*What this task involves*
The answer should consist of the full listing below, repeated exactly and free of pictures.

==== Given information ====

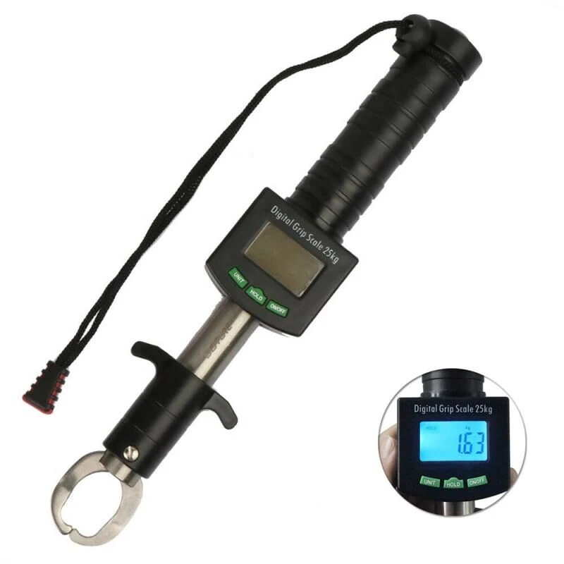 De Jenzi Lip Grip Digi Scale is perfect voor het landen vis en tegelijkertijd te wegen. Met deze lipgrip kun je vis wegen tot 25kg en heeft een lengte van 28cm. De lipgrip is voorzien van een LCD scherm waar je gewicht in kunt aflezen. Deze tool heeft een auto shutdown functie die ervoor zorgt dat de batterij niet wordt leeggetrokken bij onnodig gebruik. Geleverd excl. Batterij 2x 1.5v AAA
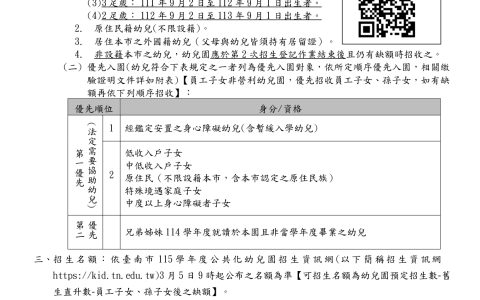 114學年度新生入園抽籤錄取名單 報到時間:114年3月6日 ...
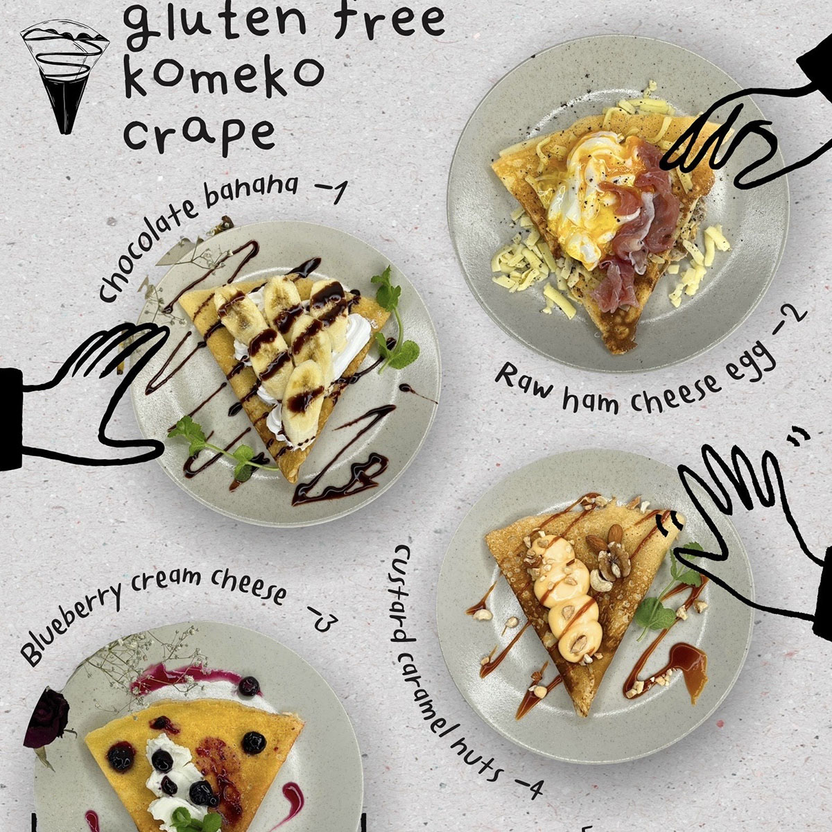 米粉のクレープ、ドリンク、スープ、夏はかき氷
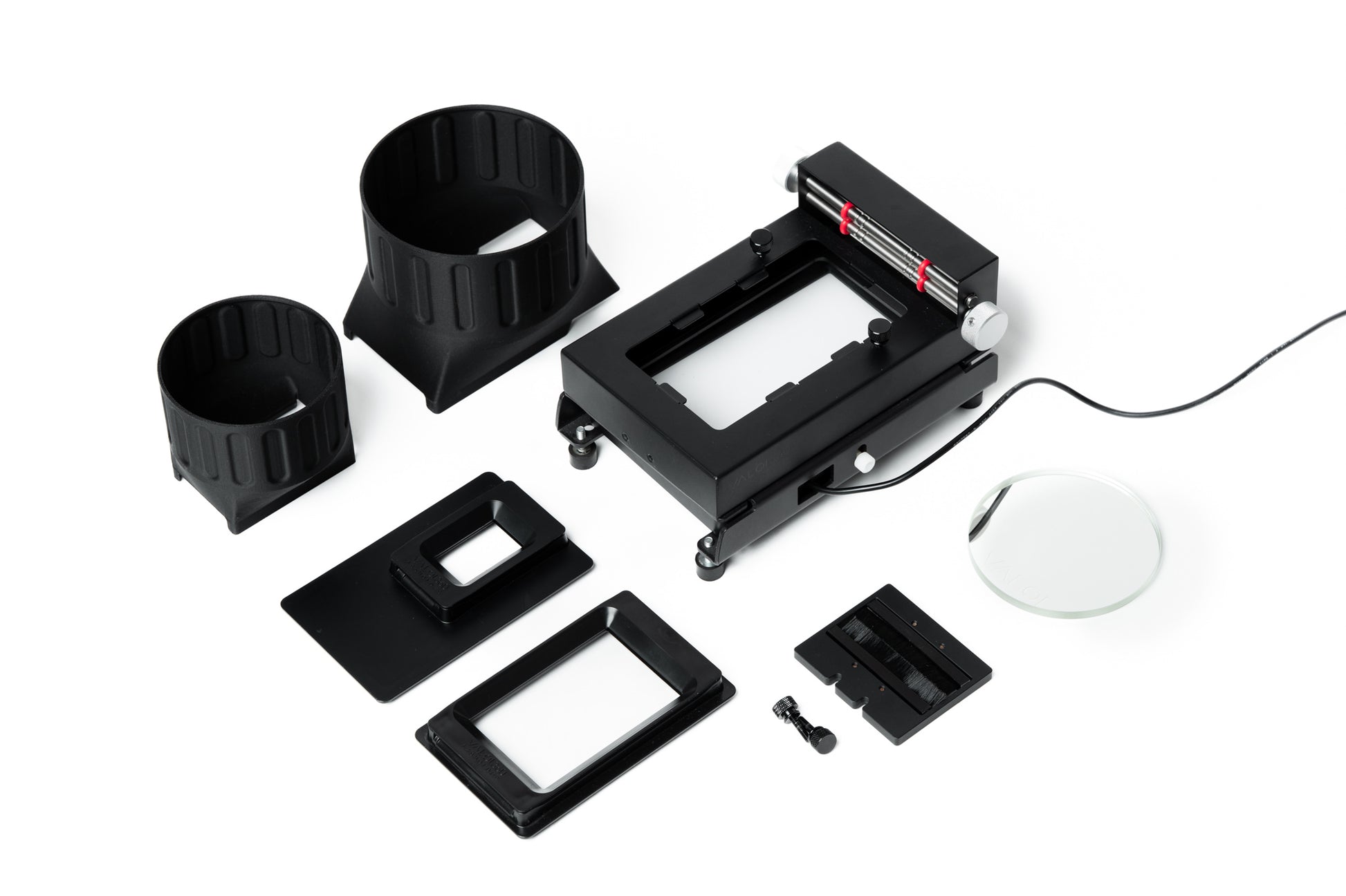 The 360 Professional & Scanning Hood Kit pairs our most popular 360 Scanning Kit with two essential accessories: the Scanning Hoods for both 35mm and 120 Holders. Enjoy professional scanning with all the add-ons! The Scanning Hoods let you scan during daylight without closing your curtains, as they block out any non-image forming light to give you the best scans with minimal effort. You can read more about the Scanning Hoods here

====

*Task response*
 De Jenzi Lip Grip Digi Scale is perfect voor het landen vis en tegelijkertijd te wegen. Met deze lipgrip kun je vis wegen tot 25kg en heeft een lengte van 28cm. De lipgrip is voorzien van een LCD scherm waar je gewicht in kunt aflezen. Deze tool heeft een auto shutdown functie die ervoor zorgt dat de batterij niet wordt leeggetrokken bij onnodig gebruik. Geleverd excl. Batterij 2x 1.5v AAA
 114學年度新生入園抽籤錄取名單 報到時間:114年3月6日 ...
 米粉のクレープ、ドリンク、スープ、夏はかき氷
 The 360 Professional & Scanning Hood Kit pairs our most popular 360 Scanning Kit with two essential accessories: the Scanning Hoods for both 35mm and 120 Holders. Enjoy professional scanning with all the add-ons! The Scanning Hoods let you scan during daylight without closing your curtains, as they block out any non-image forming light to give you the best scans with minimal effort. You can read more about the Scanning Hoods here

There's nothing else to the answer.